Records from a data source:
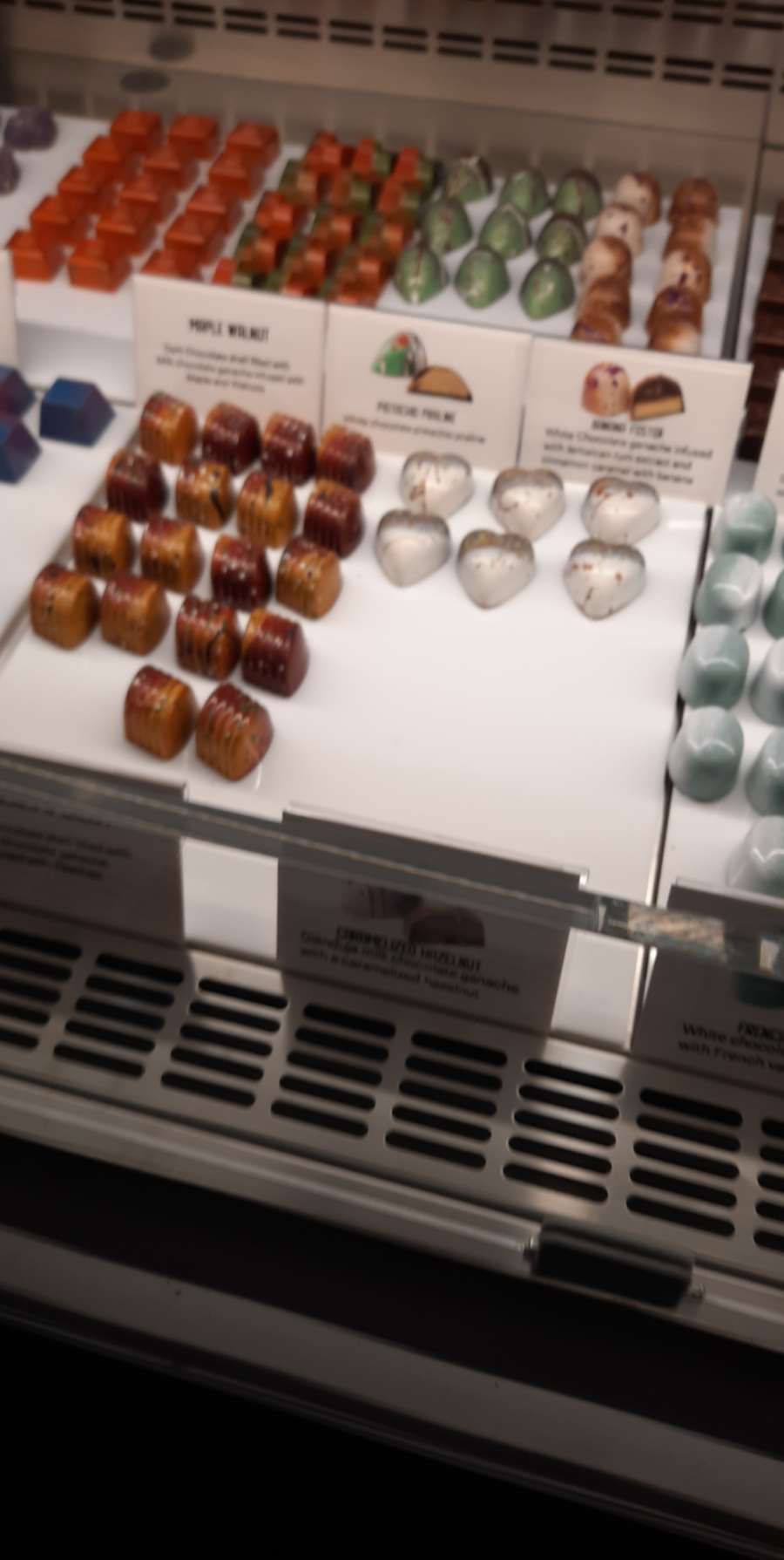 I wasn’t very hungry so I just got a chocolate filled with Carmel which was delicious. Chocolates are about $3 but are gorgeous and good. They also serve pepperoni bread made in house. I didn’t try any but it was advertised everywhere so I found out it’s like a take and bake so it’s fully baked but you can warm up in oven and it has over 70 slices of pepperoni per loaf!
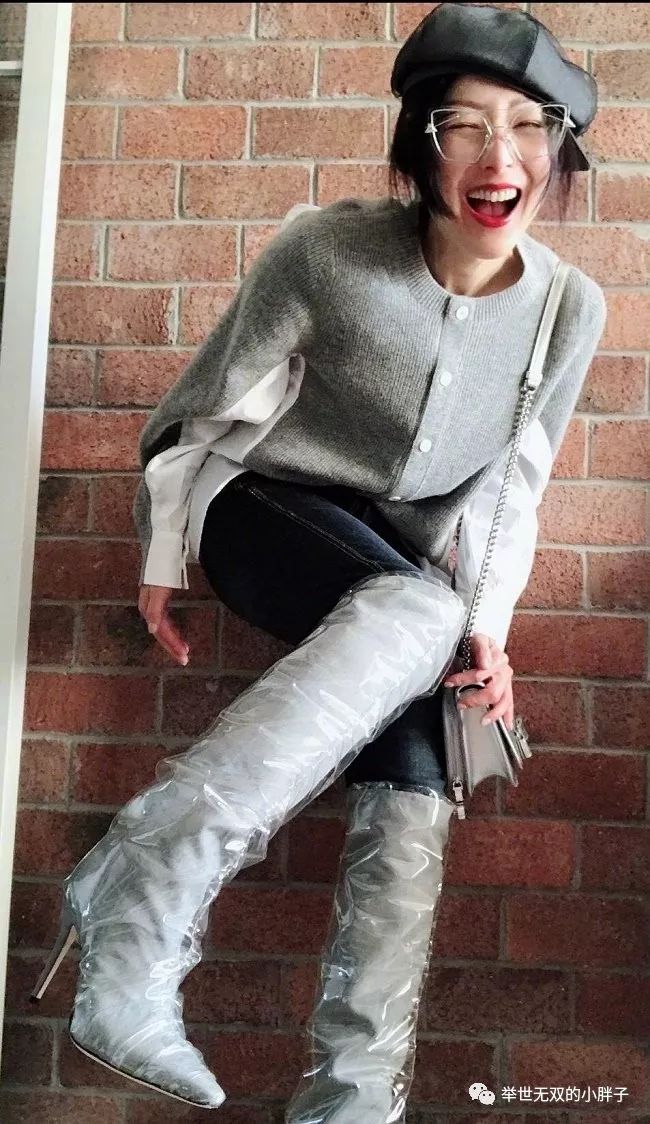 文艺女青年风格的,不过看得出来郑秀文好像对“塑料雨靴”情有独钟哦!
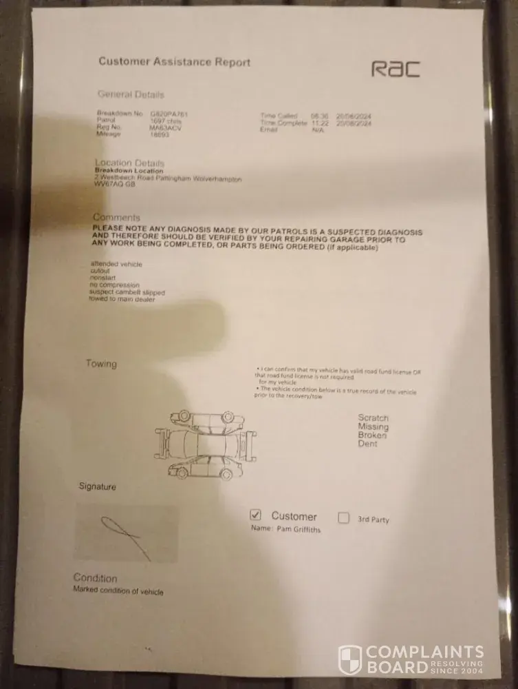 I am Norman Farr, I have been the point of contact for Mrs. Pam Griffiths with concern to her car which recently broke down. I am the partner of her daughter and am dealing with this as Pam is 79 and lost her husband two months ago. • The car is a Ford B Max MA63ACV. • The break down happened on Tuesday, 20th August, in Pattingham, at a junction in a...
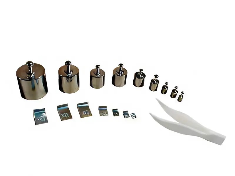 Масса гирь выполнена с точностью не ниже 4-го класса. Гири промаркированы и уложены в персональные ячейки коробки. В набор входит также пинцет для захвата гирь и пластина, прикрывающая мелкие разновесы. Сопровождается руководством по эксплуатации
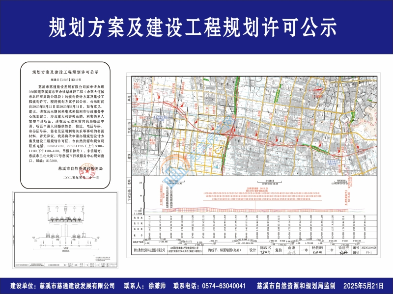 慈溪市慈通建设发展有限公司拟申请办理228国道慈溪庵东至余姚梨洲段工程(余慈大道城市北环至周浒公路段)的规划设计方案及建设工程规划许可,现将规划方案予以公示。公示时间自2025年5月22日至2025年5月31日,如有意见、建议,请在公示期间来电或来信到市行政服务中心规划窗口。涉及重大利害关系的,利害关系人如需申请听证,请在公示结束前向我局提出申请,听证申请人须提供姓名、住址、电话号码、身份证号码、签名及证明利害关系等事项的书面材料。若无异议,我局将依申请办理规划设计方案及建设工程规划许可证。市自然资源和规划局联系电话:63961739、63961126(上午8:00-11:30,下午1:30-4:30,节假日除外),来信请寄:慈溪市三北大街777号慈溪市行政服务中心规划窗口,邮编:315300。
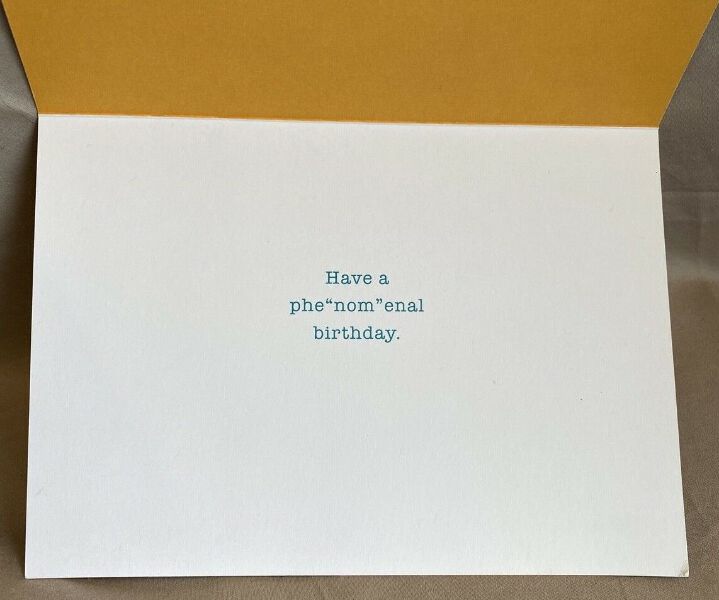 Birthday Greeting Card w/Envelope NEW. Condition is "New". Outside: Nom. nom. nom. Inside: Have a phe"nom"enal birthday. NEW Ask about combined shipping on all greeting cards GC1090
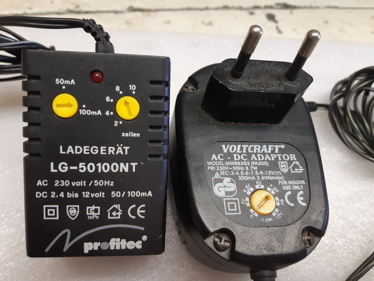 2 db. változtatható kimeneti feszültségű dugasztáp, sok különféle csatlakozóval eladó.

__Directions__: Please extract exactly the lines of the data, from the first through the line containing "I am Norman", and add no pictures to the copy.

__Solution to this exercise__:
 I wasn’t very hungry so I just got a chocolate filled with Carmel which was delicious. Chocolates are about $3 but are gorgeous and good. They also serve pepperoni bread made in house. I didn’t try any but it was advertised everywhere so I found out it’s like a take and bake so it’s fully baked but you can warm up in oven and it has over 70 slices of pepperoni per loaf!
 文艺女青年风格的,不过看得出来郑秀文好像对“塑料雨靴”情有独钟哦!
 I am Norman Farr, I have been the point of contact for Mrs. Pam Griffiths with concern to her car which recently broke down. I am the partner of her daughter and am dealing with this as Pam is 79 and lost her husband two months ago. • The car is a Ford B Max MA63ACV. • The break down happened on Tuesday, 20th August, in Pattingham, at a junction in a...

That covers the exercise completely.